> **Task statement**
Among the entries below, find the line with "自2018年9月起,beat" and the line with "I actually found". Return exactly those lines and every line between them, but no pictures.

━━━ Records for the task

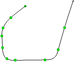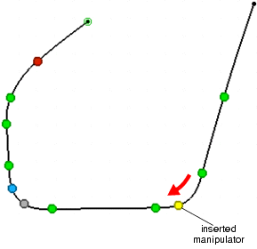 At the input curve boundaries are displayed green manipulators.
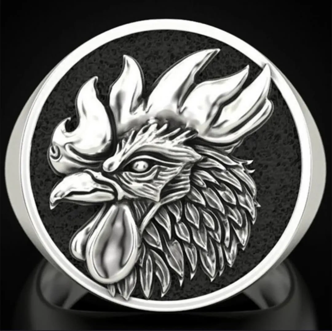 Мужское кольцо в виде головы петуха, Винтажное кольцо в стиле хип-хоп
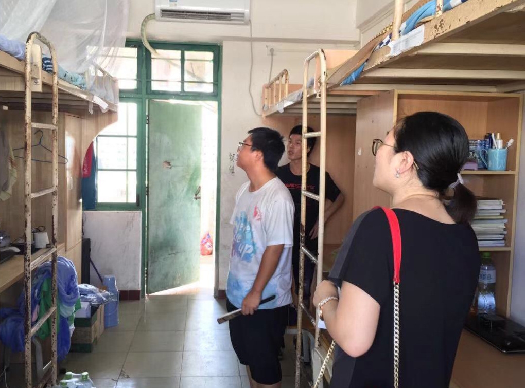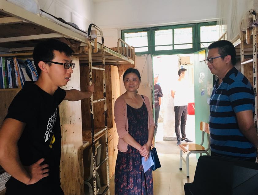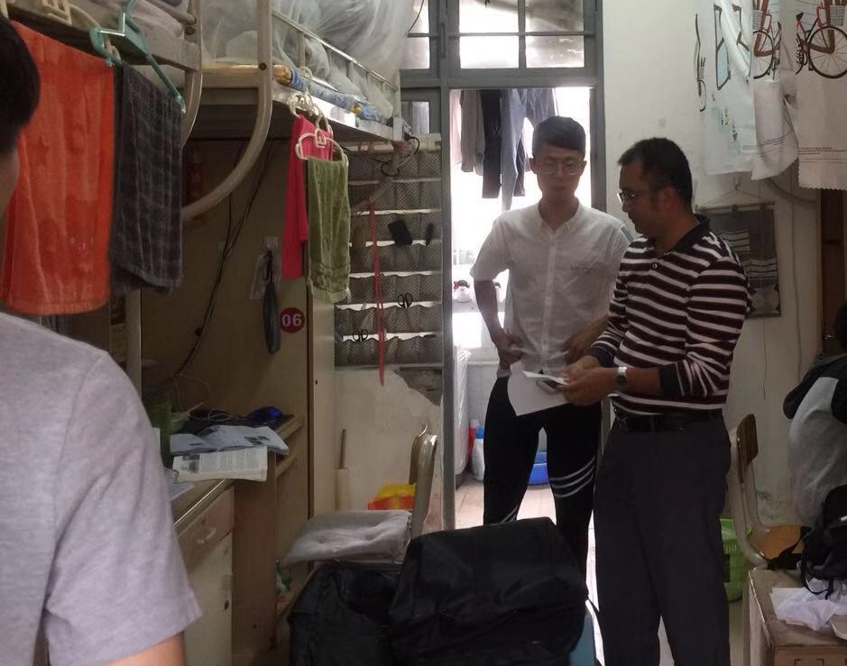 自2018年9月起,beat365唯一官网党委多次带领全体辅导员对学院学生宿舍区进行走访督察。对于卫生不合格宿舍,要求学生立即整改,同时教育引导学生主动向走访宿舍的老师问好。
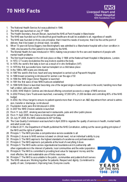 I actually found a PDF that provided so much information about the NHS therefore added it here. Within this PDF it states the history of the NHS, and a variety of facts about the general information surrounding the NHS.
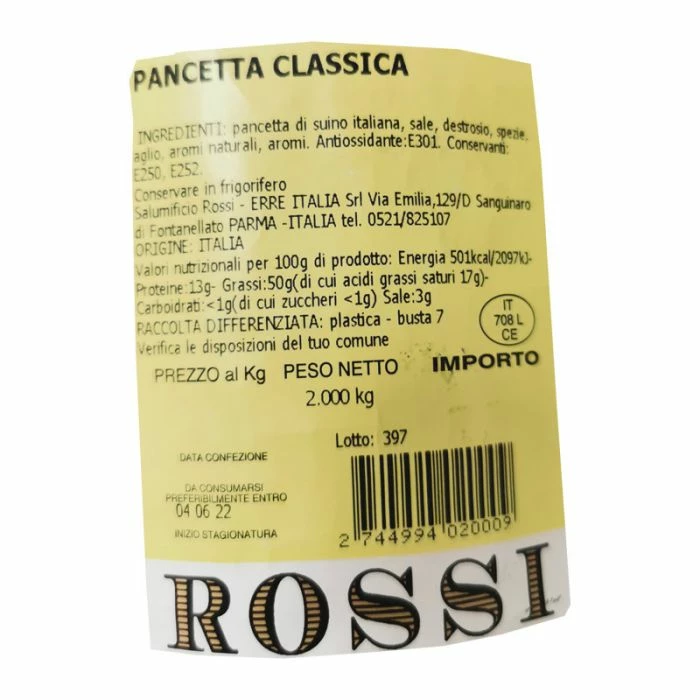 La pancetta stagionata del salumificio Rossi è prodotta con la pancia del suino, con relativa pelle (cotenna), viene rifilata, salata, speziata. Viene arrotolata e legata prima di essere asciugata. Viene poi stagionata per alcuni mesi nelle nostre cantine. Il prodotto ottenuto è una pancetta caratterizzata da un aroma dolce di antica ricetta, grande morbidezza e delicatezza grazie alla venatura di grasso bianco nobile.
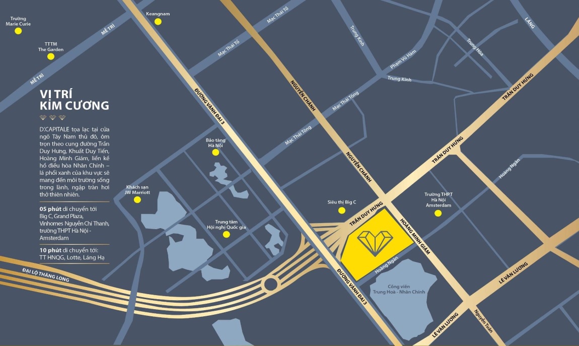 Khi nhắc đến d capitale trần duy hưng, điểm nhấn đầu tiên chính là vị trí địa lý đắc địa. Dự án sở hữu 3 mặt tiền đường lớn, giúp cư dân dễ dàng di chuyển đến mọi khu vực trọng điểm của thành phố.

━━━━━━

> **Result below**
 自2018年9月起,beat365唯一官网党委多次带领全体辅导员对学院学生宿舍区进行走访督察。对于卫生不合格宿舍,要求学生立即整改,同时教育引导学生主动向走访宿舍的老师问好。
 I actually found a PDF that provided so much information about the NHS therefore added it here. Within this PDF it states the history of the NHS, and a variety of facts about the general information surrounding the NHS.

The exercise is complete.